# Best places to live Derbyshire



## dilbert (14 December 2013)

Hi all

I'm hoping to eventually move to Derbyshire and would like some advice on the best places to consider, I'm looking for areas that are no more than 30mins from the city centre for work and would like to be able to keep the horses as close to home as possible.


----------



## Greylegs (15 December 2013)

If you will be working in Derby city centre the you could do worse than the area where we are based ... South Derbyshire, near Swadlincote/Burton on Trent/Ashby de la Zouch. 

We have a variety of good livery yards in the area ranging from decent DIY farms to top notch full livery places with indoor schools etc etc. the riding is pretty good too being in the new national forest area, there are plenty of off road rides to use, decent bridle paths etc. from here I can be in Derby in under half an hour but also have good road links to M1, A50, A38 etc. Good luck with the move.


----------



## case895 (16 December 2013)

I used to live in Hilton and that is a nice town. I now live near Ripley and you can get to Derby in 30 mins on the bus. Same from Ambergate/Whatstandwell by train. Don't even consider driving in from the North of Derby as the traffic is dreadful.


----------



## Tiffany (16 December 2013)

30 mins from which city centre?


----------



## dilbert (17 December 2013)

Hi 

Thanks for the suggestions so far 

Tiffany - 30 mins from Derby centre. Also needs to be convenient for my OH who works near Mansfield.


----------



## Kat (17 December 2013)

In that case look along the route of the A38 between derby and Mansfield.  They are about 45 mins apart. Little Eaton,  Denby, Belper,  ambergate, and Ripley would be within half an hour of Derby and Mansfield.  Swanwick, Alfreton,  and South Normanton might be worth a look too but would be closer to Mansfield.  

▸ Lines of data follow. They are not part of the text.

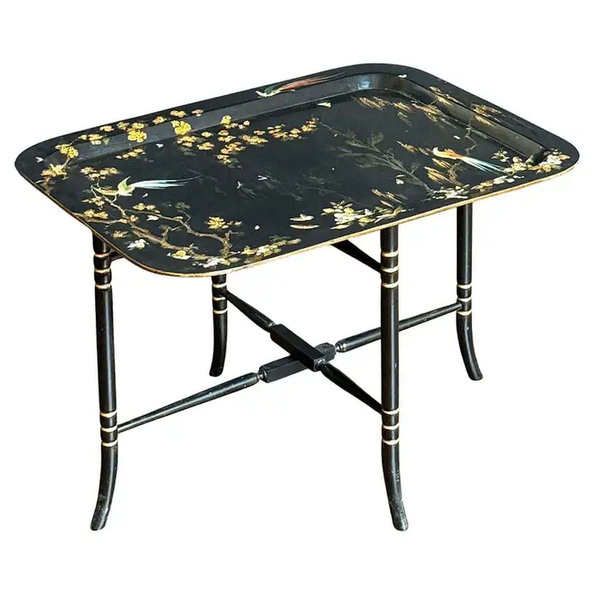 A beautiful English tray table or tray on stand from the Aesthetic Movement Period, featuring a rectangular tray of papier mache with a recessed center showing a decorative Chinoiserie painting of birds of paradise, with gilt trees and leaves. The tray fitted to a turned-leg ebonized stand in Regency-style gilt and black.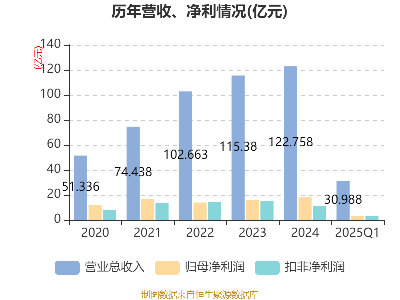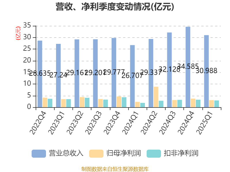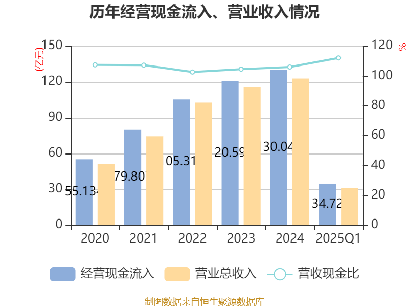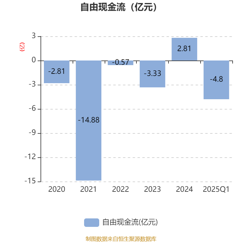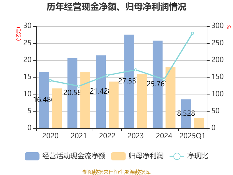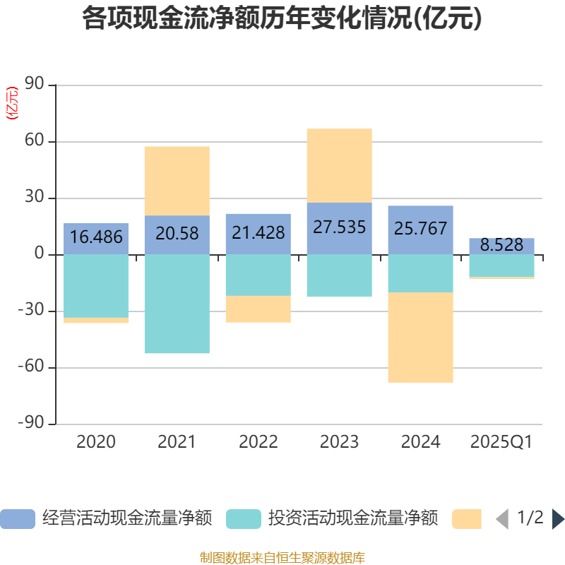 截至2025年一季度末,公司經(jīng)營活動現(xiàn)金流凈額為8.53億元,同比增長14.38%;籌資活動現(xiàn)金流凈額-9892.67萬元,同比增加14.14億元;投資活動現(xiàn)金流凈額-12.12億元,上年同期為-4.67億元。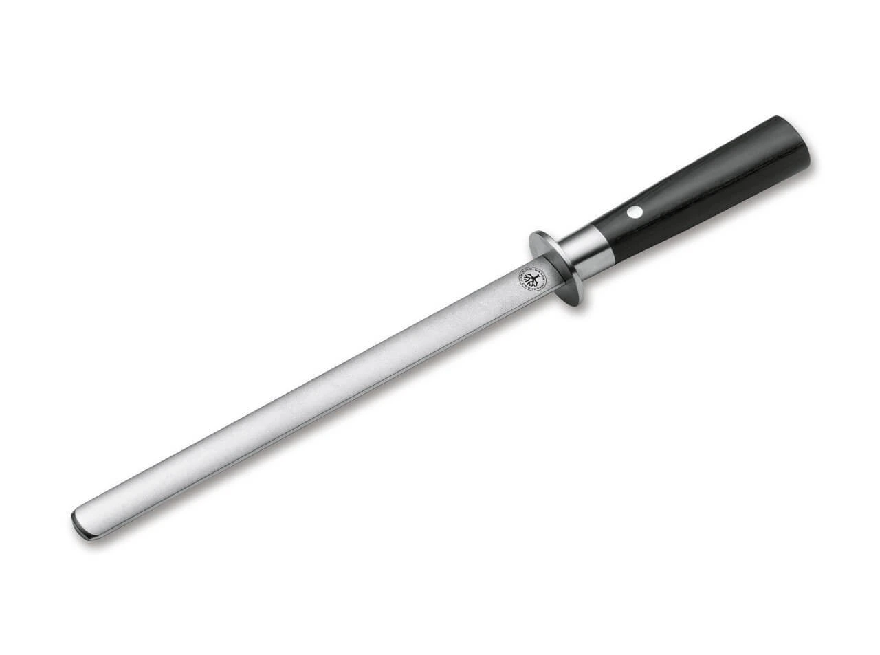 Der Böker Black Schleifstab besticht durch zeitlose Eleganz. Als Griffmaterial kommt heimisches schwarzes heimischen Schichtholz zum Einsatz, welches aufgrund seiner wunderschönen und edlen Farbe die fein mattierten Edelstahlzwingen zusätzlich betont. Die Bauweise des Griffs gibt dem Schleifstab seinen besonderen Charakter.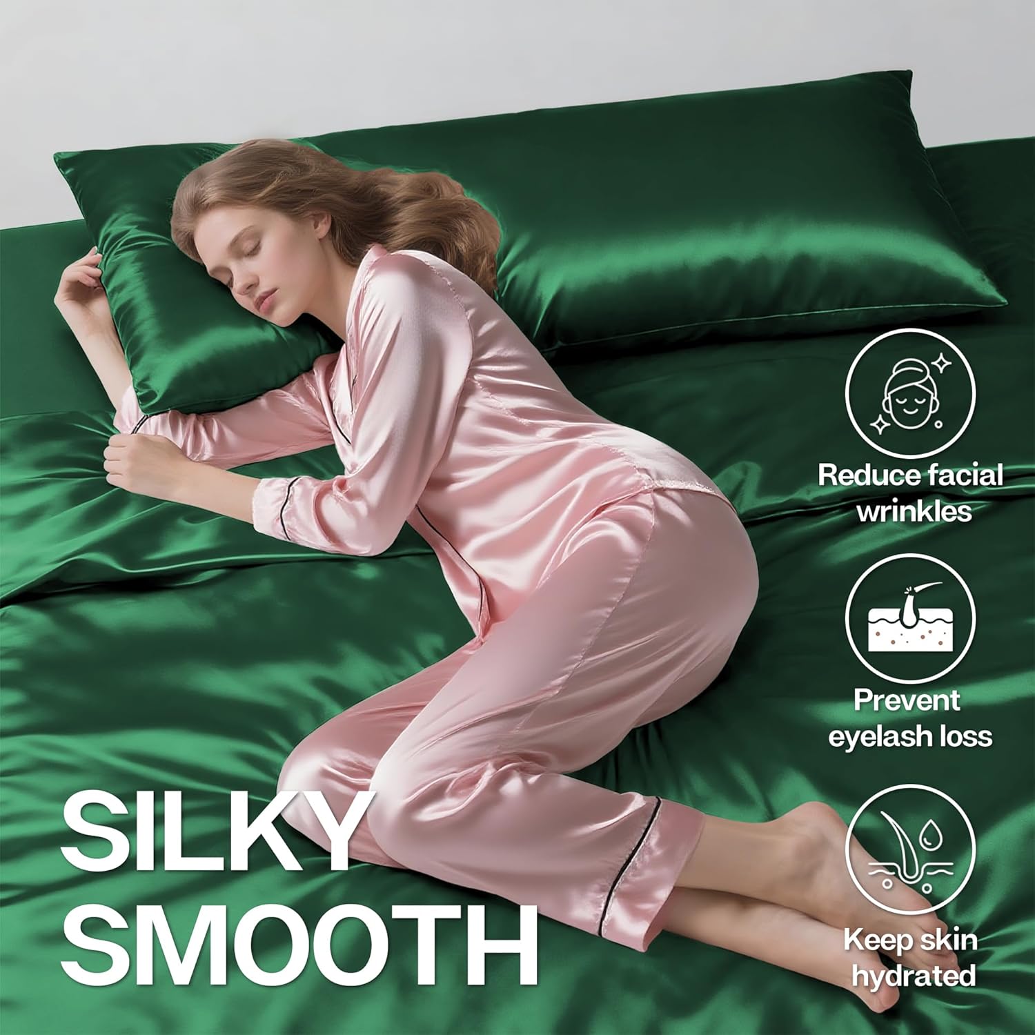 - 【Enhance Your Beauty Sleep】Sleeping on our hypoallergenic non-irritating satin pillowcase can help your skin, too. With less friction tugging at your skin as you sleep, you will experience fewer sleep lines which can equal fewer wrinkles over time.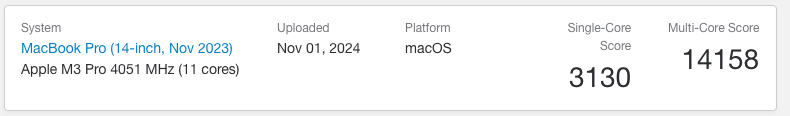 i'd call more than "a touch" for singleBase M4 seems to be a touch faster than a M3 Pro in both single and multi-core.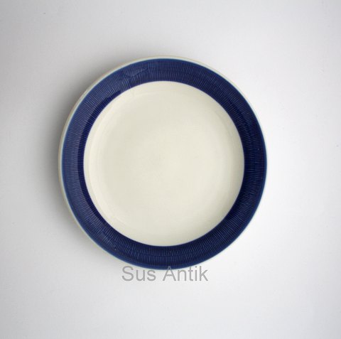 Ipsen Enke vase med blå glasur med rillet hals, design Volmer Bahner 1939. højde 14,5 cm, diameter 10,5 cm.Signeret IPE X 45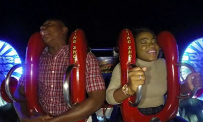 En compagnie de son épouse, cet homme fait un tour de slingshot dans un parc d’attractions. À bord de la boule propulsée en l'air à quelques dizaines de mètres de hauteur, l'homme va commencer par prendre peur puis crier...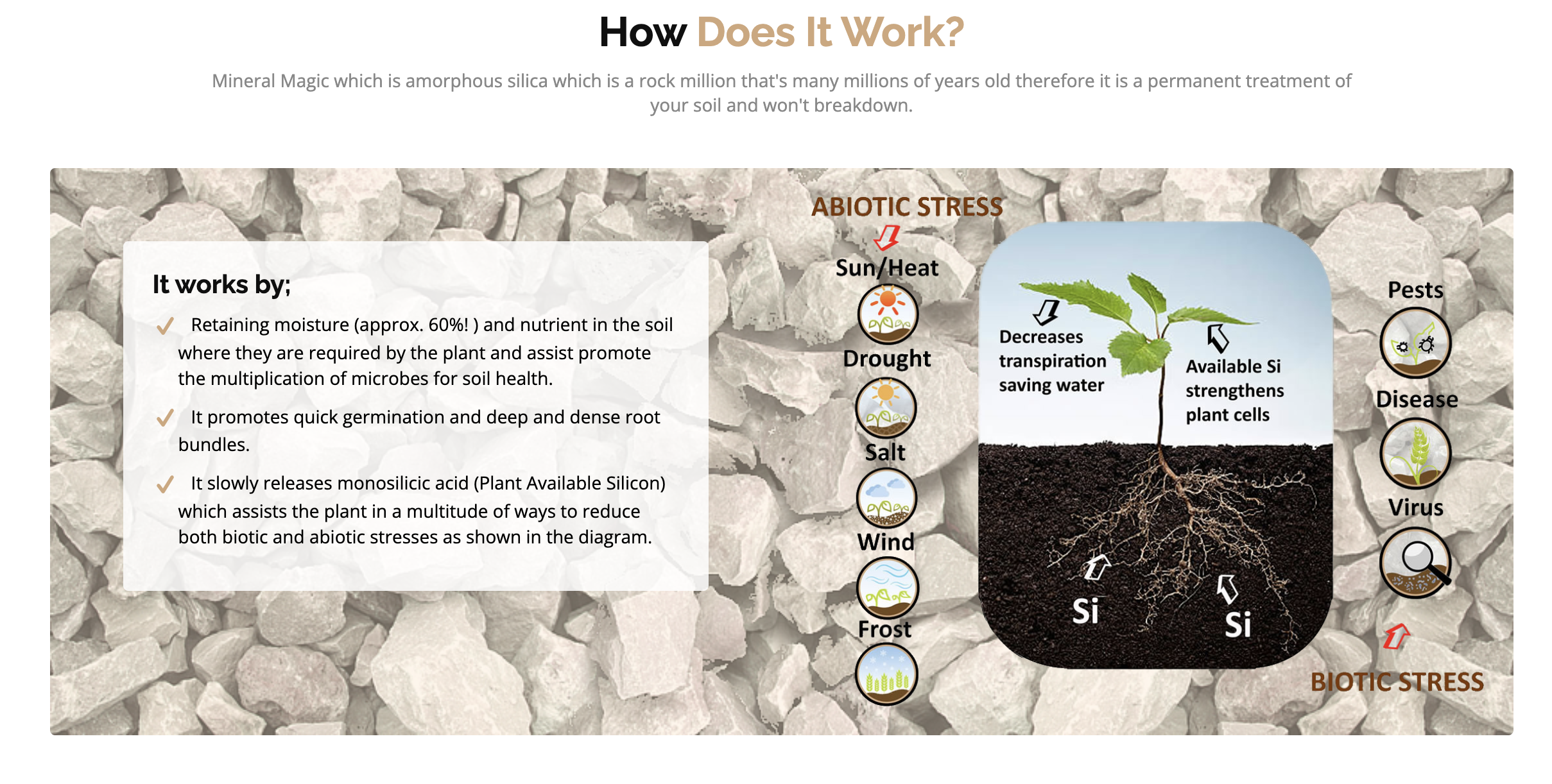 Mineral Magic is made from Biogenic Amosphous Silica (BAS) sourced from the Pilbara in Western Australia.
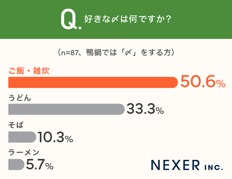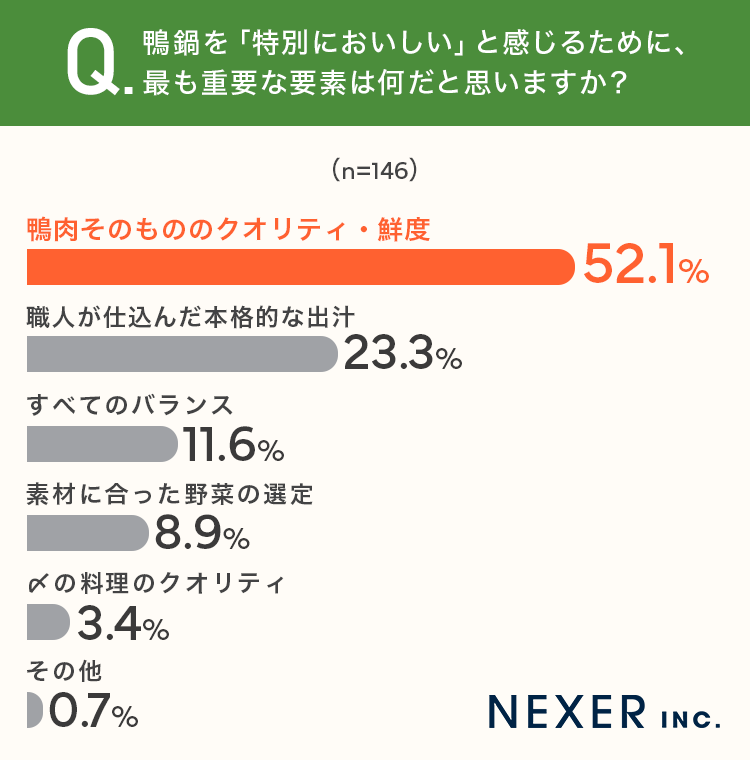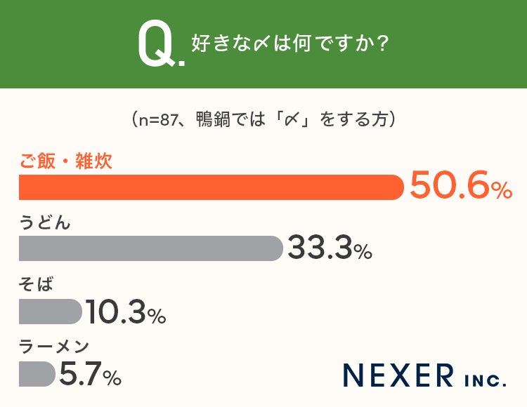 株式会社NEXER・鴨鍋の”素材・〆”へのこだわりと満足度に関する調査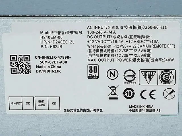 100-127V ~/7.0A, 200-240V~/3.5A;Max Output Power:240W
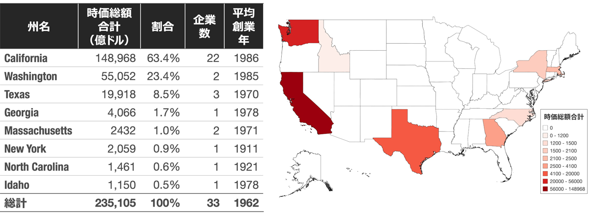 図5 米国:時価総額トップ100企業における6大「ムーアの法則駆動産業」の企業立地分布(2025)

Forget places like Swadlincote,  Burton,  Etwall,  Melbourne as they are the wrong side of the city for Mansfield.  

If your budget is tight the old mining towns are cheaper to buy. Heanor would be handy for both Derby and Mansfield, very cheap and have decent access to horsey areas.


----------



## dilbert (17 December 2013)

Thank you 

What's the area around Alfreton like?


----------



## Kat (17 December 2013)

Good for horses, fairly cheap to buy, decent buses, handy for the A38 and M1. Some of the areas are a bit poor but you can get a feel for that by driving around.  Careful not to stray over the border into Notts though!


----------



## case895 (17 December 2013)

dilbert said:



			Thank you 

What's the area around Alfreton like?
		
Click to expand...

Alfreton, Swanwick and Riddings are all nice. I'd avoid Heanor and Ilkeston. Swanwick has an excellent feed merchant.


----------



## Frosty89 (17 December 2013)

I live near Ripley which is ideal for both Derby and Mansfield. Not much choice of decent livery yards in the area though, I do a 14mile round trip to my yard (from my house, it's double that from work).


----------



## case895 (17 December 2013)

Frosty89 said:



			I live near Ripley which is ideal for both Derby and Mansfield. Not much choice of decent livery yards in the area though, I do a 14mile round trip to my yard (from my house, it's double that from work).
		
Click to expand...

Ditto. I'm in Butterley Park.


----------



## Frosty89 (17 December 2013)

tescoexpress said:



			Ditto. I'm in Butterley Park.
		
Click to expand...

Just up the road from me then, I live just off Butterley


----------



## flowerlady (17 December 2013)

KristmasKat said:



			Good for horses, fairly cheap to buy, decent buses, handy for the A38 and M1. Some of the areas are a bit poor but you can get a feel for that by driving around.  Careful not to stray over the border into Notts though!
		
Click to expand...

Why what's the matter with Notts?  Didn't you live south Notts for a while?


----------